As games have ascended to a mainstream form of entertainment, things are changing. First, we currently witness a raising in the standard to which game makers are held. The disintegration of Activision Blizzard’s moral standing echoes what we’ve known for years about EA and Ubisoft. The increased visibility that these multinationals enjoy means they are no longer able to hide on the fringes. If you’re etching ‘Every voice counts’ into your building, it had better be true.
Second, the mounting competition over talent coming from Big Tech firms, crypto companies, and even non-endemic organizations (e.g., fashion, music, brands) looking to leverage interactive entertainment increases the intensity of competition around labor. Already the abundance of venture capital has seduced a lot of middle-management at major firms to strike it out on their own. Despite the success in gaming, other adjacent industries are eager to poach workers, especially those with technical skillsets.

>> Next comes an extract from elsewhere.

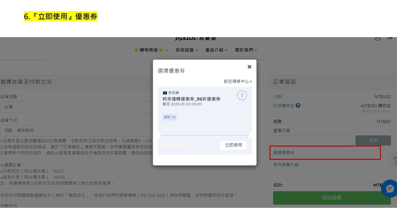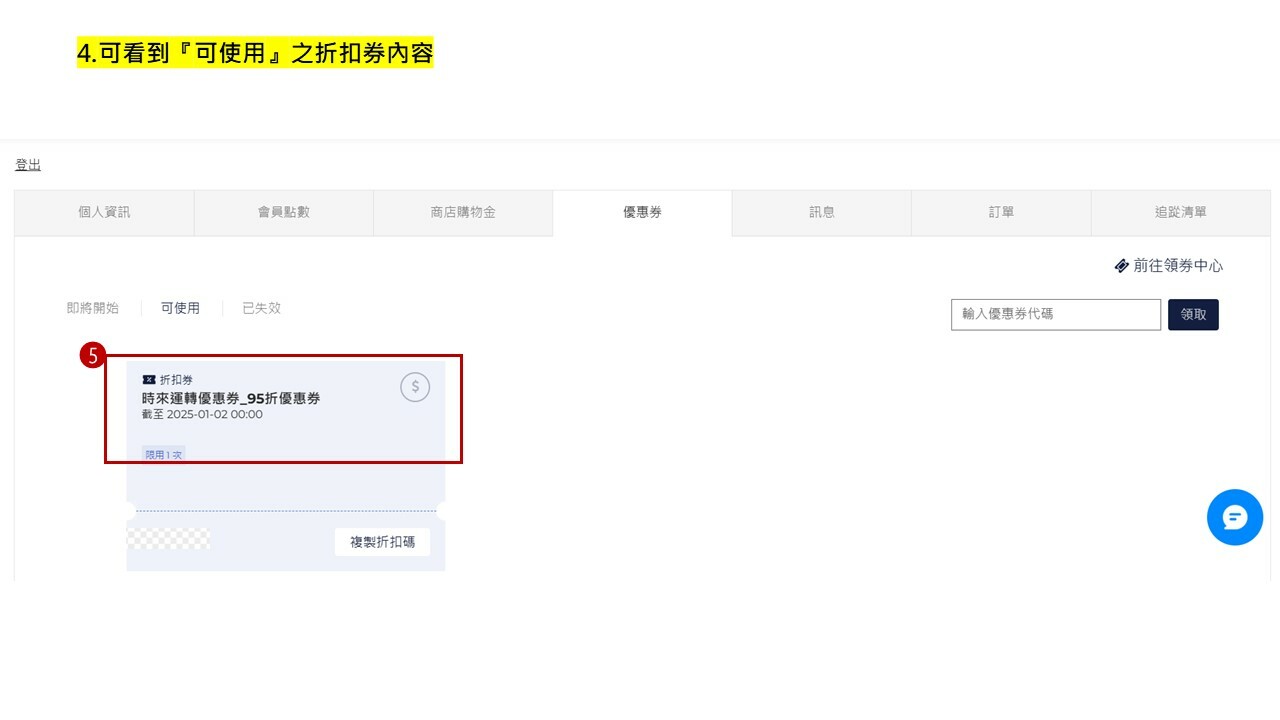 2. 每張購物金限一次性兌換使用,恕不分批使用。

One reason, for instance, that the commercial game business isn’t larger in a media town like New York is because it competes directly with Wall Street over programmers and engineers. Many recent graduates prefer the six-figure salary that may help pay off their student loans over pursuing some whimsical creative vision and eating ramen for months.

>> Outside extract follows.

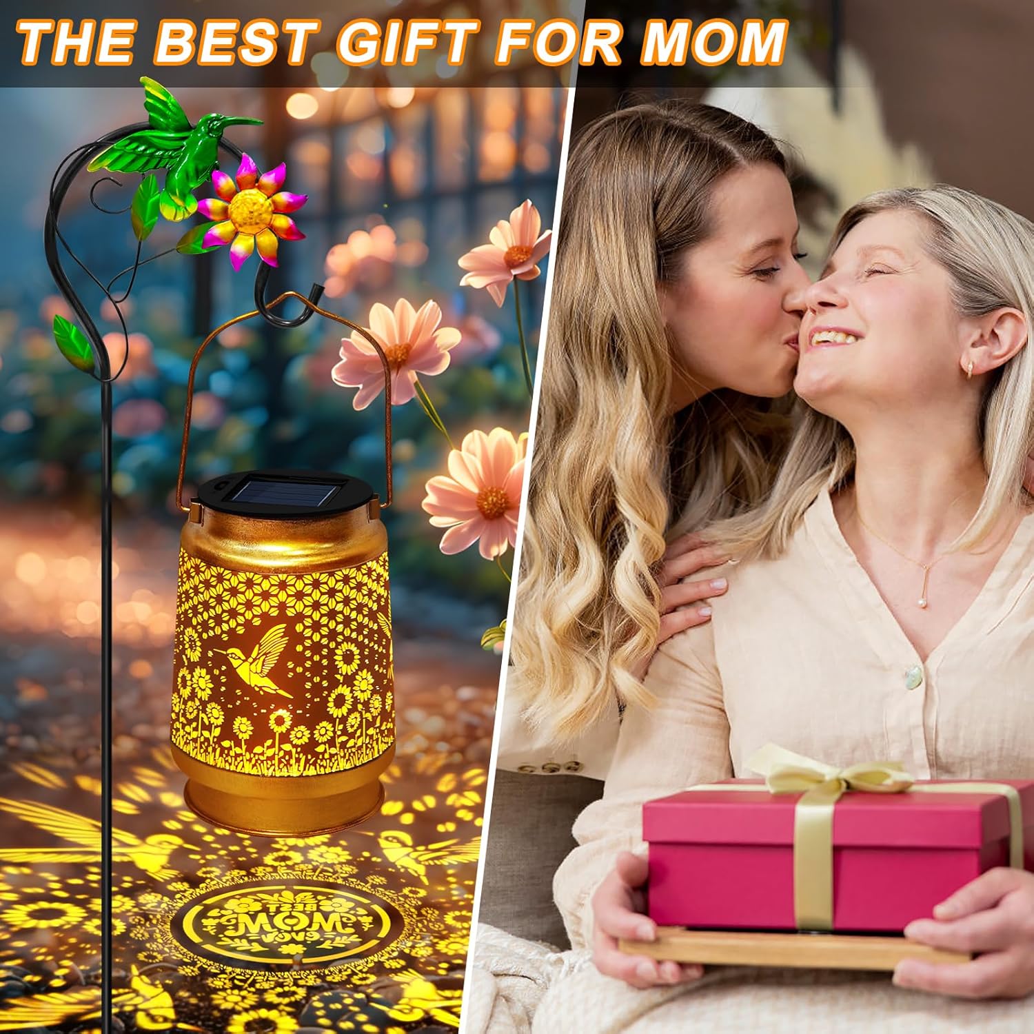 Ideal Garden Decorations and Birthday Gifts for Women:EDOF solar outdoor lantern with this good lighting,beautiful pattern projection,solar outdoor lights is a surprising yard outdoor decorations to decorate your garden,patio,porch,pathway,walkway,terrace,balcony and lawn,tree;flowerbed;solar hummingbird lights with the bottom projection “mom” is a unique gardening hummingbird thoughtful gifts for women,mother,grandmother,birthday gift,Hummingbird lover,housewarming gifts on Mother’s Day,Thanksgiving,Christmas.
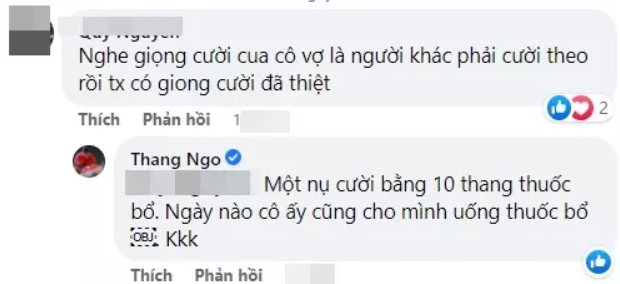 Anh và bà xã có nhân sinh quan giống nhau, hòa hợp tính cách và tương đồng suy nghĩ. "Một nụ cười bằng mười thang thuốc bổ, ngày nào cô ấy cũng cho mình uống thuốc bổ", Thắng Ngô hào hứng.

For years the games industry was able to lean back on the notion that working there was fun and exciting when it wasn’t. And big firms have been able to get away with it. However, in the absence of regulation or any real repercussions, its newfound success may finally put publishers, platforms, and developers under some much-needed scrutiny. Let’s see what happens when a ‘dream job’ becomes just a job. (h/t Rob V.)
Sony buys Haven Studios before it releases anything
Speaking of talent, barely a year after leaving Google Stadia and promptly announcing her new studio, Jade Raymond just sold her studio to Sony. Granted, the Japanese consumer electronic manufacturer had already provided her with funding and they must have seen something they liked, especially with regards to its ambition to build “a live service multiplayer experience.” Following the Bungie acquisition in January, Sony is shopping to future-proof itself. Even so, we’re clearly in a seller’s market.
RIGHT QUICK TIDBITS
GameFam, which develops games in the Roblox ecosystem, raised $25 million to fuel its growth of “Gen Z digital creators.”
Krafton, the studio behind the popular video game PUBG, is planning the launch of Solana NFTs.
The hiring of a CFO implies that Discord is moving toward an IPO, says WSJ.
Roblox reported higher KPIs with 55.1 million DAUs, up +28% y/y, but bookings were estimated at $203 - $206 million, down -2% to -4% y/y. The estimated average bookings per DAU was $3.71.
Razer reported $1.6 billion in revenue for FY21, up +33% y/y, which it largely attributed to the pandemic. To continue its growth it is moving into gamer furniture. Wut.
PLAY/PASS
Play. Plague Tale, a horror adventure game that was one of my pandemic favorites, is getting a television adaptation in France. Comment dit-on, hell yes.
Pass. The leaked Yuga Labs pitch deck is far too chatty.